The combination of these two methods can increase cell survival rate by more than 40%.

2. Bubble free ventilation: Safety first membrane ventilation (such as hollow fiber membranes) and surface ventilation provide oxygen through gas diffusion or liquid exchange, completely avoiding the risk of shear caused by bubble rupture. They are particularly suitable for cells that are extremely sensitive to shear forces, such as stem cells.

However, this type of method has low mass transfer efficiency and usually requires low-speed stirring to enhance fluid circulation and compensate for the lack of oxygen transfer, making it more suitable for small-scale, high value-added cell culture.
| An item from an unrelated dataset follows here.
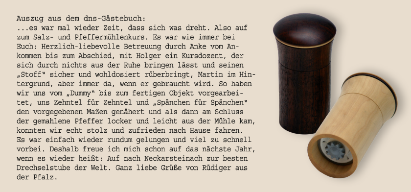 Der Kurs „Pfeffer- und Salzmühlen“ mit Holger Graf bringt erstmals die GrushGrind-Keramikmahlwerke in die dns-Kurswerkstatt.
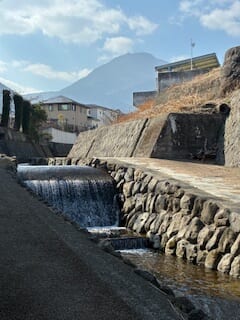 この川からも遠く鶴見岳を見ることができますね!

3. Airlift reactor: The choice for extremely low shear is the Airlift reactor (ALR), which does not require mechanical stirring and relies on the density difference formed by the introduction of gas to drive fluid circulation, minimizing shear forces.

Its main advantage is that it is suitable for the cultivation of ultra sensitive systems, such as microalgae and insect cells. However, due to the dependence on poor gas density for circulation dynamics, its mixing ability is weak in high viscosity media, making it more suitable for low viscosity and low shear force requirements cultivation scenarios.